Lastly, there’s Little Buddha, a spot that came into being after the nearby Sea Links Resort built a walkway that juts out into the bay; a happy accident for local surfers, since perfect little waves form after hitting the concrete.
Practical side note: surfboards are easy enough to rent at each of the above spots.
With so many different alcoves dotting the coastline, taking out a stand-up paddle board (or SUP, as it’s known) is one of the most awesome things to do in Mui Ne when it comes to getting to know your surroundings.
Jibe’s Beach Club makes for the perfect base to enjoy a wee paddle session out on the open sea (though it gets pretty tough as soon as there’s a hint of wind, so best off sticking to early mornings and no-wind days). The club has a mix of inflatable and solid Starboard SUPs up for rent.
In the low season, our morning ritual used to consist of an hour-long paddle out from Jibe’s (followed by a yummy omelette or bowl of pho in their beachside restaurant- sooo good).
For those of you looking for some beginner-friendly flat water paddle action, hook up with C2Sky Kite Center owner, Liz, and her fantastic team of beach boys who offer SUP tours through Mui Ne’s fishing village at sunrise and sunset.
And speaking of which…
Exploring the fishing village
You can’t rightly visit Mui Ne without making a trip to the traditional fishing village. For the locals, this is one of the main hubs of activity in town, and from a visitor’s eyes, it’s probably the best reflection of what life in ‘real’ Mui Ne is actually like.
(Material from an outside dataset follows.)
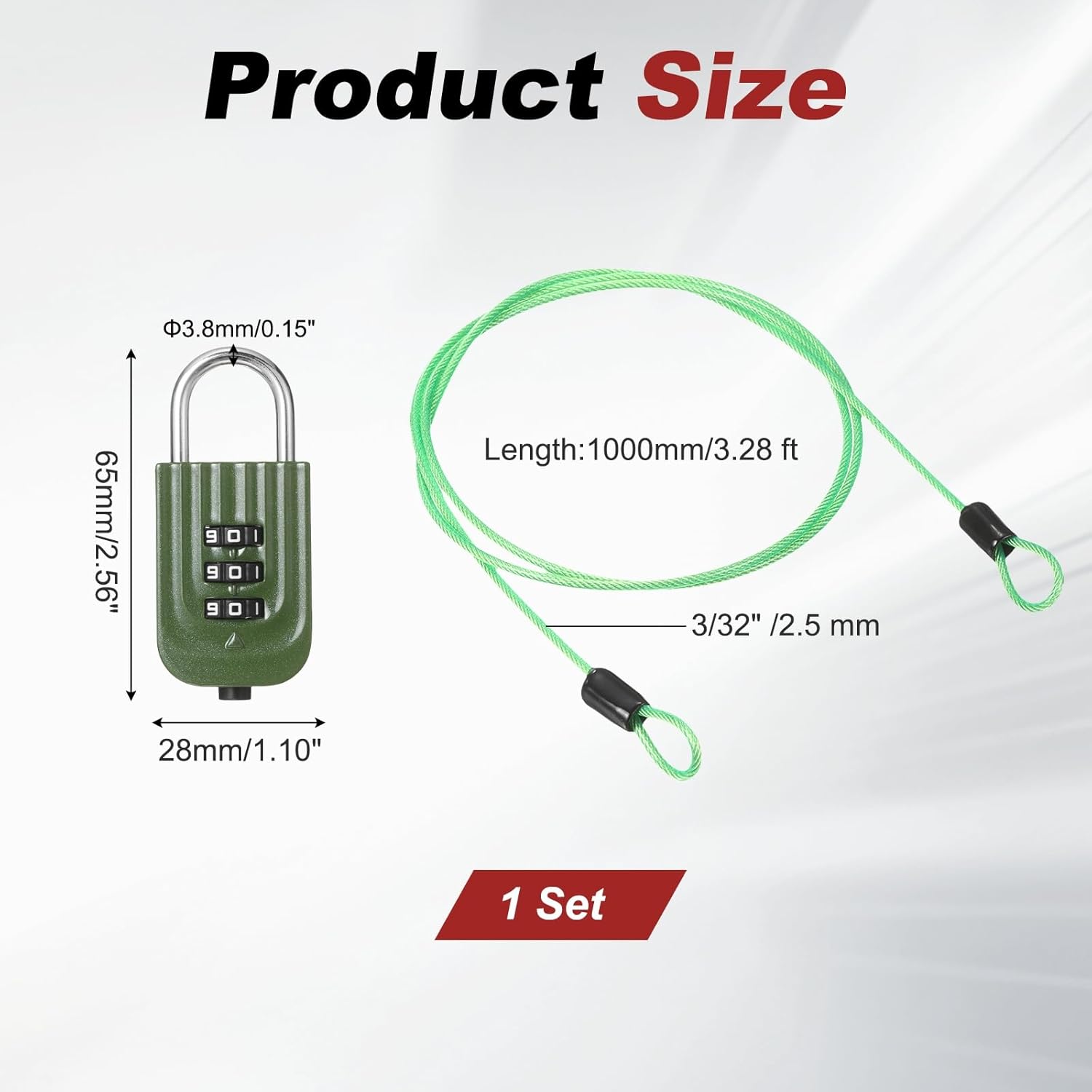 Reasons for Selection - Double loop security cable is crafted from premium stainless steel, which features rust prevention, corrosion resistance, high toughness and aging resistance. Equipped with a zinc alloy 3-digit combination lock, the password wheel rotates smoothly without jamming, allowing it to be opened without a key and providing reliable protection.Measurement - Steel Cable Size: 1000 x 2.5 mm / 3.28 ft x 3/32 inch (L*D); Combination Size: 28 x 65 mm / 1.10 x 2.56 inch (W*H); Shackle Diameter: 3.8 mm / 0.15 inch; Package Include: 1Pcs x Steel Cable and 1Pcs x 3 Digit Combination Lock.Suitable for - Bicycle cable lock is suitable for locking helmets, bicycles, motorcycles, sports equipment, fences, toolboxes, suitcases, etc., effectively preventing loss and ensuring the safety of your belongings, which can also be used as a clothesline, net hanging device, animal leash and binding strap.Installation - The default combination is 000. Press and hold the reset button into the slot, then enter your new combination. Thread the security steel cable through the items you need to secure, and then lock it with a lock.Kind Tips - Please confirm the size before purchasing. It is recommended to apply lubricant regularly to extend the lock's lifespan.

The fishing village sits about 10-15 minutes north of the touristy Ham Tien side of town (the location changes from one side of the cape to the next as the seasonal wind direction shifts) where dozens- if not hundreds- of colourful junk boats and traditional coracles bob up and down in the water.
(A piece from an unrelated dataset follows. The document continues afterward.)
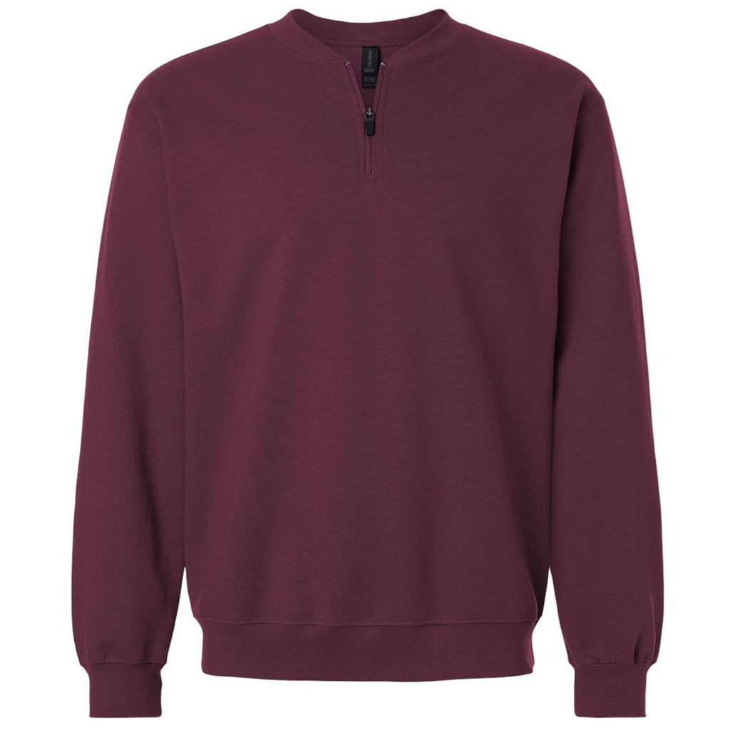 The Gildan Unisex Maroon Midweight 1/4 Zip Sweatshirt is a versatile corporate staple designed for transitional weather and easy layering. Soft fleece inside and a stand-up collar are great for on-the-go teams or casual staff apparel. Choose this custom option when you want professional comfort without the bulk.Highlights

Seafood lovers, eat your lil’ fishy hearts out! This is bound to be one of your absolute favourite things to do in Mui Ne.
For a truly unique experience, visit the fishing village at sunrise to see the fishermen arrive back to shore with the night’s catch. They’ll hand the goods over to the wives and grandmas, who’ll haggle with customers right on the shoreline as they try to strike a deal on their fresh catch- crabs, snapper, mussels, eels, and more.
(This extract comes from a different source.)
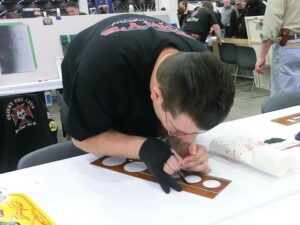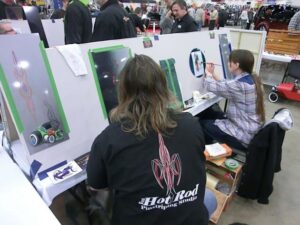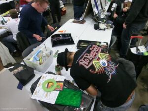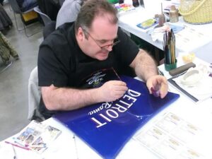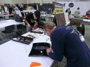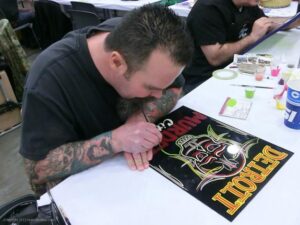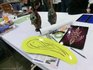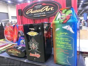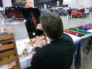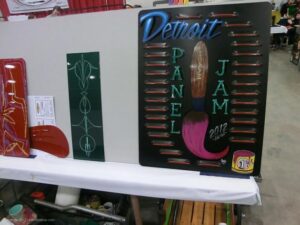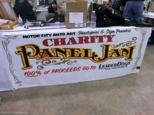 Back again for another great MOTOR CITY AUTO ARTS PINSTRIPER’S PANEL JAM from DETROIT AUTORAMA. The year’s event had THE OLD & YOUNG PINHEADS …showing their talent. All the proceeds from the Panel Jam Auction is going to Leader Dogs for the Blind http://www.leaderdog.org/

Drive through the backcountry
Head up to the highway behind Mui Ne and take any of the little turns west; there are tons of sweet little villages, stretches of rural farmland, and miles of snaking roads passing through thick groves of palm trees.
Rent a scooter from, well.. Basically anywhere along the main road in Mui Ne and set off on your own adventure. Who knows what you might discover!
(Side note: there are some important tidbits of info that you should know about before renting a scooter in Mui Ne- namely to do with driving license requirements and local police stops. We’ll give you full details on that a little later on.)
Some of my happiest, most beautiful memories of living in Mui Ne were during the days when Jim and I would take off on our motorbike to explore some random corner of the countryside that we’d spotted on the map.
There really wasn’t anything scientific about it, and most of the time we had very little (okaaaay okay, zero) idea where we were going.
Which… is kinda the awesome thing about it.
Though the road that runs through Mui Ne is less than ideal for cyclists (think potholes, manically swerving drivers, and lots of horn beeping), the back roads just outside the village offer some beautiful routes for a two-wheeled adventure.
Head up to the new highway (yup, the very same one we just talked about in the last section) overlooking the village and you’ll be greeted with: #1 panoramic views of the coastline below and #2 not a single vehicle in sight.
This “highway” connects the fishermen’s end of Mui Ne with Phan Thiet and, at the moment, very few cars and bikes drive this road (plus the new tarmac makes it ideal for cyclists).
If you fancy taking things off the beaten track, take one of the small side street turns off the highway (on the opposite side of the road to Ham Tien/Mui Ne) and head into the jungle brush to discover some of those tiny local villages we just mentioned.
You can even take these little snaking roads all the way back to the coastline just north of Mui Ne, where you can then continue onwards to Phan Rang or even Da Lat. It might be a long journey, but for a seasoned cyclist it’ll be no sweat.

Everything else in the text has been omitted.